If the above is too much theory and still too speculative for you, why don't you see for yourself by finding a bike, getting someone to hold the pedal still, pull the lower section of the chain tight towards the large front ring with one hand, and examine the vast degree of freedom the mech cage and pulleys can still give you with the other.

Imho a completely straight, taut chain between large large will not necessarily, indeed not generally, impose any unusual load on the rear mech, and therefore not the hanger.
 
jesus - that's a long question.

short answer - I've seen it happen, where a shortened chain and too much cross-over resulted in a broken mech, snapped clean through on the body just below the mounting point. It was a while ago now though. I don't know how it happened, but it did. I wasn't drunk at the time and I didn't imagine it. I don't disagree with your theory and 9 times out of 10 it is probably correct.
 
don't feed the troll!

You're a proper character, aren't you? Control yourself, fella - someone's obviously been over-feeding you. You seem determined to get a rise out of a well-worn internet phrase, but it ain't going to work.

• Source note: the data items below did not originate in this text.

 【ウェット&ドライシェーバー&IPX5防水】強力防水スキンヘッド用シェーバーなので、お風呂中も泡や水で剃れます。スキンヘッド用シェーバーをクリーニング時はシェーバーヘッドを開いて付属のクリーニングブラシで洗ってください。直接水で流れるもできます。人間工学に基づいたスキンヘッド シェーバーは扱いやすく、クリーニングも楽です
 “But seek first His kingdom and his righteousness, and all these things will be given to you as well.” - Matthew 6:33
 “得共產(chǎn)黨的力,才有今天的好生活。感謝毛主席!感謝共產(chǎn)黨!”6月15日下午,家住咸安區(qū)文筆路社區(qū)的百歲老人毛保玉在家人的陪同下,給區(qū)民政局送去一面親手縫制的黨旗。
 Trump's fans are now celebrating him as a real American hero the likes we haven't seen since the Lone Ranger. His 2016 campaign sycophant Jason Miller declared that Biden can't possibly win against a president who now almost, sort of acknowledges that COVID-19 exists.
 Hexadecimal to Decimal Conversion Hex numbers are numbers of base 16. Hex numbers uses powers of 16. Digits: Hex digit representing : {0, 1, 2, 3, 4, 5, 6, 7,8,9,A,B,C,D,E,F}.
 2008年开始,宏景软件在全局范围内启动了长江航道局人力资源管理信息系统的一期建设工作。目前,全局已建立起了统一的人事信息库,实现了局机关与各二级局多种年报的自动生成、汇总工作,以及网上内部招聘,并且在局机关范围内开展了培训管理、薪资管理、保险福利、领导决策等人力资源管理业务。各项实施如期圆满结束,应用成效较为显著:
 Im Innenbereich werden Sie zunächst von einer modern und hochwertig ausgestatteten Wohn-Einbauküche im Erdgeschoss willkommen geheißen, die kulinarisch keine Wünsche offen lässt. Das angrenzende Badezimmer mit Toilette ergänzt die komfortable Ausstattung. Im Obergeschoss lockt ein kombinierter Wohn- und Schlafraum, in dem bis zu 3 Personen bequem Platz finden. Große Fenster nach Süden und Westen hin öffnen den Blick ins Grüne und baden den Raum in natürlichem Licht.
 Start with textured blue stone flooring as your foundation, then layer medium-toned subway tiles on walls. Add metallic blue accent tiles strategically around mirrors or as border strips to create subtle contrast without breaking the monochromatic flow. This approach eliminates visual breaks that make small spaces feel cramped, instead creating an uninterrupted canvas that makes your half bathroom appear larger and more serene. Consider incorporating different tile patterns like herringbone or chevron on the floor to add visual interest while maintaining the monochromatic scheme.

I think I'll just leave you and your petty insecurities to it. Sorry that my opinion is different to yours*.


*Actually, I'm not.
 
I know this has gone off the boil but there was a fair bit on interest in just how damaged the frame was. These images were taken by the shop and sent to Specialized. Perhaps the most telling image is the damage to the bottom bracket area. The replacement arrived on Friday; the SL3 pro frame is a different beast compared to the SL2 one that broke, in white and black it looks the mutts as well.
BottomBracketCrack.jpg

DropoutCrackLHS.jpg

DropoutCrackRHS.jpg

MainChainstayCrack.jpg

SecondRHSDropoutCrackandDamage.jpg
 

Rohloff_Brompton_Rider

Formerly just_fixed
You're a proper character, aren't you? Control yourself, fella - someone's obviously been over-feeding you. You seem determined to get a rise out of a well-worn internet phrase, but it ain't going to work.

I think I'll just leave you and your petty insecurities to it. Sorry that my opinion is different to yours*.


*Actually, I'm not.
eh?
 
Yes, the bike arrived last Friday all set up. The frame, an SL3 Pro is stunning and a very different beast from the previous one. He has had to pay for the frame under the specialized crash replacement scheme plus the failed components a chain and the rear derailleur. He did try to get them to fund the replacement but they wouldn't. Given the quality of the bike he is now riding he's happy and getting fitter and fighting back from being so ill by riding it; which I think is a good result.